Post by SleepyEyes21 » Mon Aug 18, 2014 8:14 pm

Sheriff Buford wrote:Pray that you don't have sleep apnea. Have the doctor write two prescriptions (and get a copy). One for "mask of patient's choice". The other prescription should read "Resmed S9 Autoset with humidifier". Tell the doctor you want the autoset for comfort and this machine will provide you data. You can use the autoset in the cpap mode (straight air) or the autoset mode (a lower - more comfortable air pressure... until an apnea is detected, then the machine will ramp up to a higher pressure to treat the apnea. After the apnea event is treated, the machine will lower toward the comfortable pressure). Read the tabs above on what a newbie needs to know.

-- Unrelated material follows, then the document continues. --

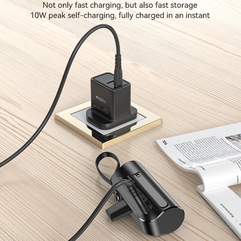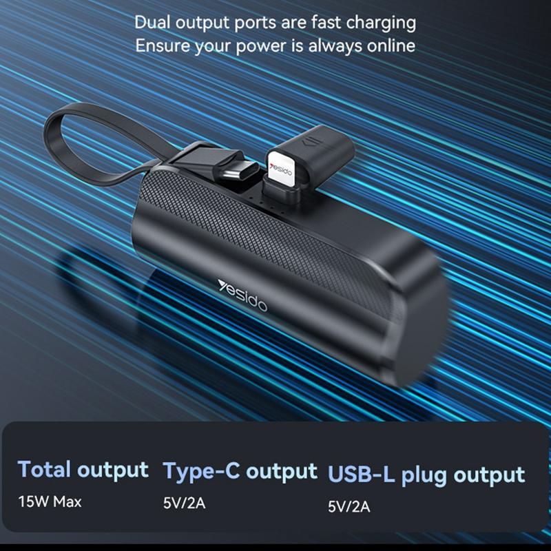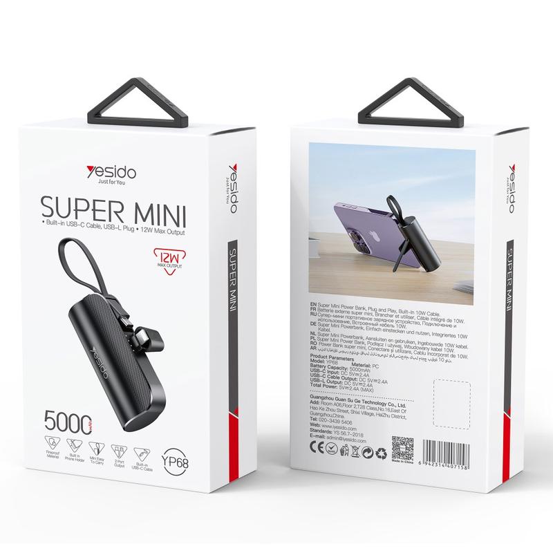 Blijf opgeladen waar je ook bent met de Yesido YP68 Mini Power Bank. Met een capaciteit van 5000mAh bevat deze compacte powerbank een Lightning-connector en een ingebouwde Type-C kabel voor handig opladen en een verborgen houder voor handsfree gebruik. Lichtgewicht, ontworpen voor duurzaamheid en draagbaarheid, waardoor het de perfecte reisgenoot is voor onderweg opladen.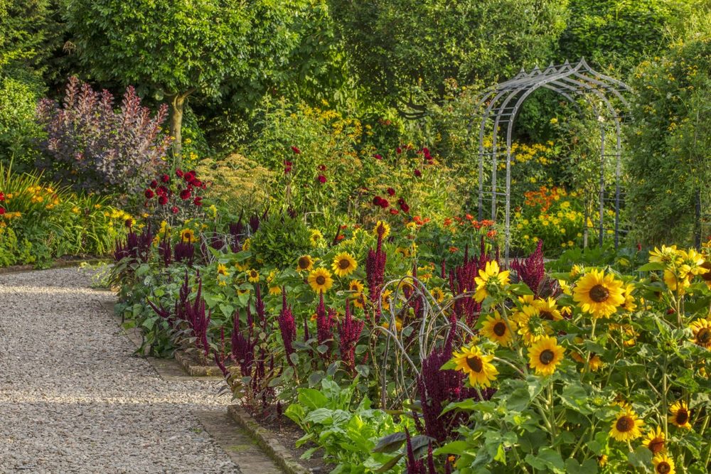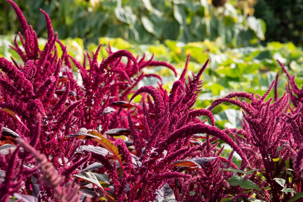 | Amarantos (Amaranthus) y girasoles (Helianthus annuus) en Morton Hall Gardens (Kitchen Garden) | Foto © Clive Nichols |

Inform yourself BEFORE getting stuck with cheap... almost useless equipment.

Sheriff
Hi Sheriff - thanks for your advice and suggestions. I will make sure I don't get a cheap "brick" for my first machine. Question: will the type of machine be limited to what my insurance will allow? (regardless, I will pay the difference to get a good machine- just curious.) Also- is 'autoset' the same as APAP? I will continue reading tabs in this forum.

I have a different outlook on an apnea diagnosis at this point in my life. I have some understanding of apnea and CPAP treatment from loved ones, although I've not been the diagnosed/ treated person yet. My perspective is that I will be relieved if it is determined that I do have apnea and can get CPAP treatment, as I have been feeling progressively worse for the past 10+ months and counting. As a former smoker, I would not want it to be a diagnosis worse than apnea, if that makes sense. I think my attitude to not be afraid of or resistant to an apnea diagnosis will help me to be compliant with treatment. Granted - I may have difficulty getting used to treatment, but knowing that many have learned to adjust, I am confident I will be one of them too.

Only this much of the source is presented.